--- Data in this exercise Enclosed Below ---

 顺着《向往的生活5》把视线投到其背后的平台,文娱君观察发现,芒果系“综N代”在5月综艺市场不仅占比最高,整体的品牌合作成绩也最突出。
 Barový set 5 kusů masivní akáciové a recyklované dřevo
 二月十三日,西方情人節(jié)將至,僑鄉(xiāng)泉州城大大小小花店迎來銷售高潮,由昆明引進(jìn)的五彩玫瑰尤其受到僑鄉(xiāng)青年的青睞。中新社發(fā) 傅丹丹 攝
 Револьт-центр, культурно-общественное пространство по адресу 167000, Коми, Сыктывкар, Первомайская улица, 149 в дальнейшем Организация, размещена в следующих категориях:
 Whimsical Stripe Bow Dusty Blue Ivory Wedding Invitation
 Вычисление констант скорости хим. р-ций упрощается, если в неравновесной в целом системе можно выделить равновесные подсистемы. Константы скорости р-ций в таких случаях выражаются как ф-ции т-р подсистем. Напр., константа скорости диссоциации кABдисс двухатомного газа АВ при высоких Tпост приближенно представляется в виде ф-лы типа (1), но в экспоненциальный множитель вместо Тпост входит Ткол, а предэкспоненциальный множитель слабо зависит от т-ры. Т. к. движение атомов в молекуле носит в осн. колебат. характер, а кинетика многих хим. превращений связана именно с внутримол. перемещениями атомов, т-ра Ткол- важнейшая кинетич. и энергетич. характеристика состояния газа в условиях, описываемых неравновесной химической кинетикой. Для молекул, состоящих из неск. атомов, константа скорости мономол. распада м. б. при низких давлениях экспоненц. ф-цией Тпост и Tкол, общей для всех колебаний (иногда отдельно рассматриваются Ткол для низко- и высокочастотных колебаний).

--- End of Enclosed Data in this exercise ---
--- Data in this exercise Enclosed Below ---

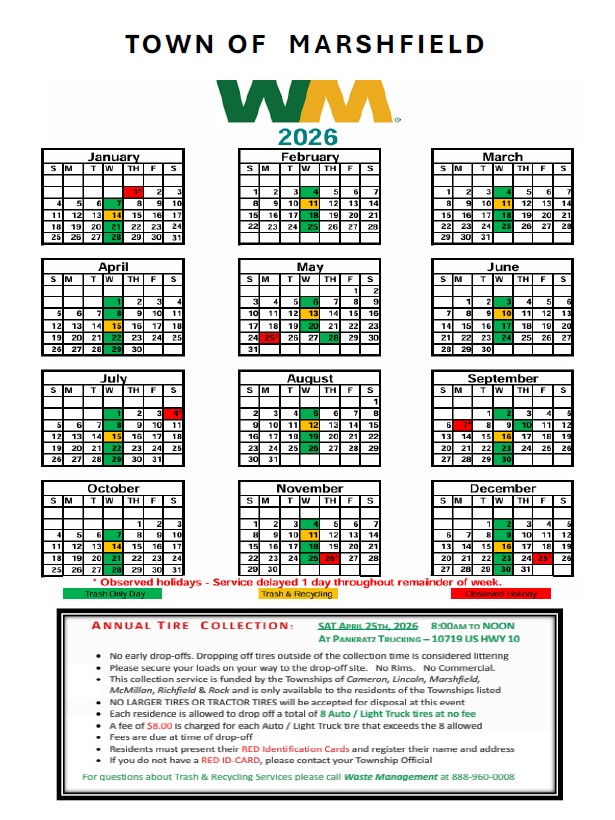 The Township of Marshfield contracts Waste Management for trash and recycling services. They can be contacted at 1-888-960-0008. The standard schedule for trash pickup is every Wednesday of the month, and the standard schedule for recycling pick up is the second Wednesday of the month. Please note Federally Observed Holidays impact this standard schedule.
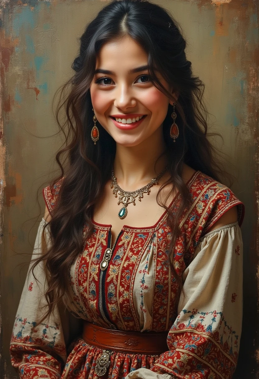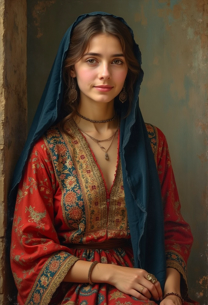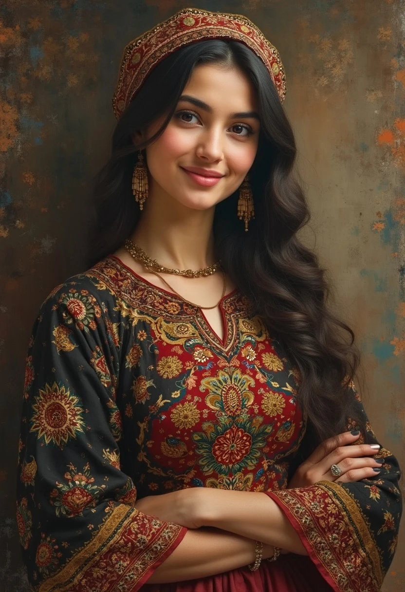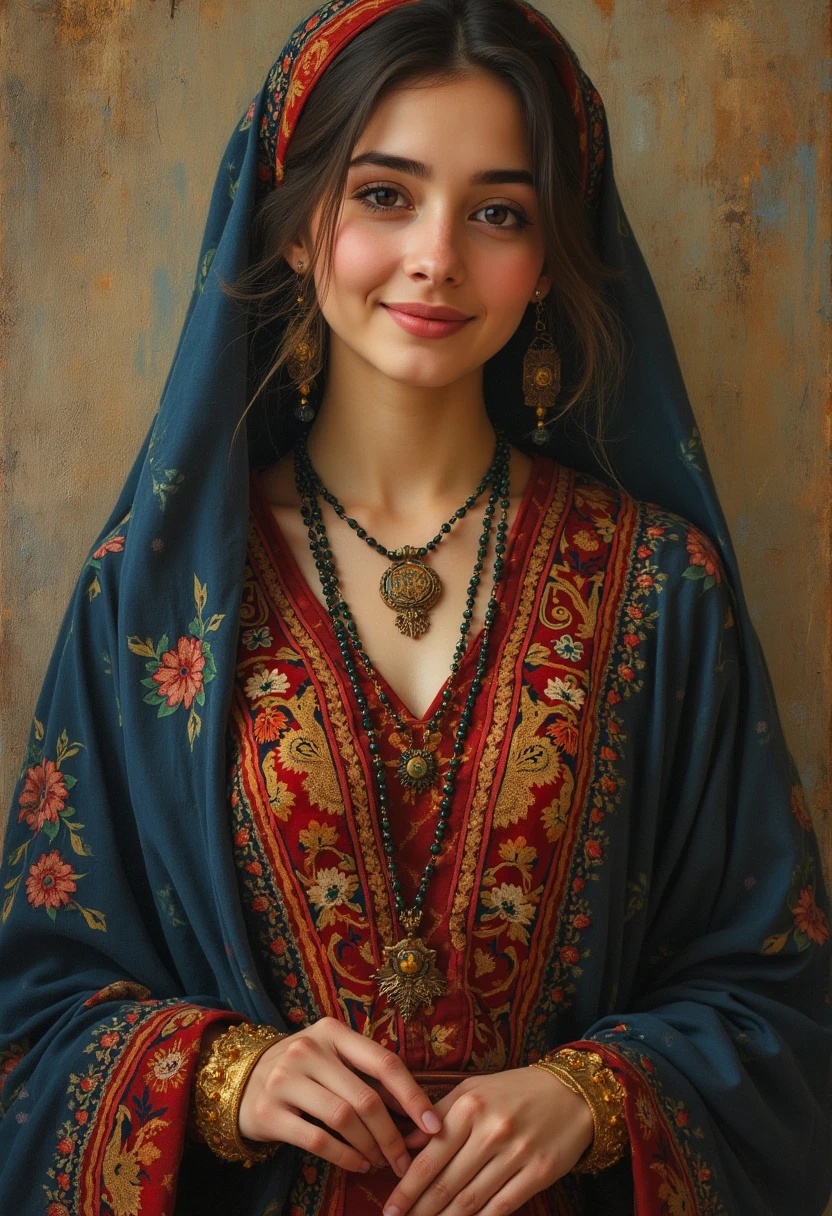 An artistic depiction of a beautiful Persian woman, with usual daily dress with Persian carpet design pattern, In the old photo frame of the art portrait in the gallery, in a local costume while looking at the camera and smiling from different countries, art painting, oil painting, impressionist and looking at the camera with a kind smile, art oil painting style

--- End of Enclosed Data in this exercise ---

## Try it:
Using the listing above, copy exactly the line that contains "Whimsical Stripe Bow", the line that contains "Вычисление констант скорости", and each line that falls between them.

## Solution to this task:
 Whimsical Stripe Bow Dusty Blue Ivory Wedding Invitation
 Вычисление констант скорости хим. р-ций упрощается, если в неравновесной в целом системе можно выделить равновесные подсистемы. Константы скорости р-ций в таких случаях выражаются как ф-ции т-р подсистем. Напр., константа скорости диссоциации кABдисс двухатомного газа АВ при высоких Tпост приближенно представляется в виде ф-лы типа (1), но в экспоненциальный множитель вместо Тпост входит Ткол, а предэкспоненциальный множитель слабо зависит от т-ры. Т. к. движение атомов в молекуле носит в осн. колебат. характер, а кинетика многих хим. превращений связана именно с внутримол. перемещениями атомов, т-ра Ткол- важнейшая кинетич. и энергетич. характеристика состояния газа в условиях, описываемых неравновесной химической кинетикой. Для молекул, состоящих из неск. атомов, константа скорости мономол. распада м. б. при низких давлениях экспоненц. ф-цией Тпост и Tкол, общей для всех колебаний (иногда отдельно рассматриваются Ткол для низко- и высокочастотных колебаний).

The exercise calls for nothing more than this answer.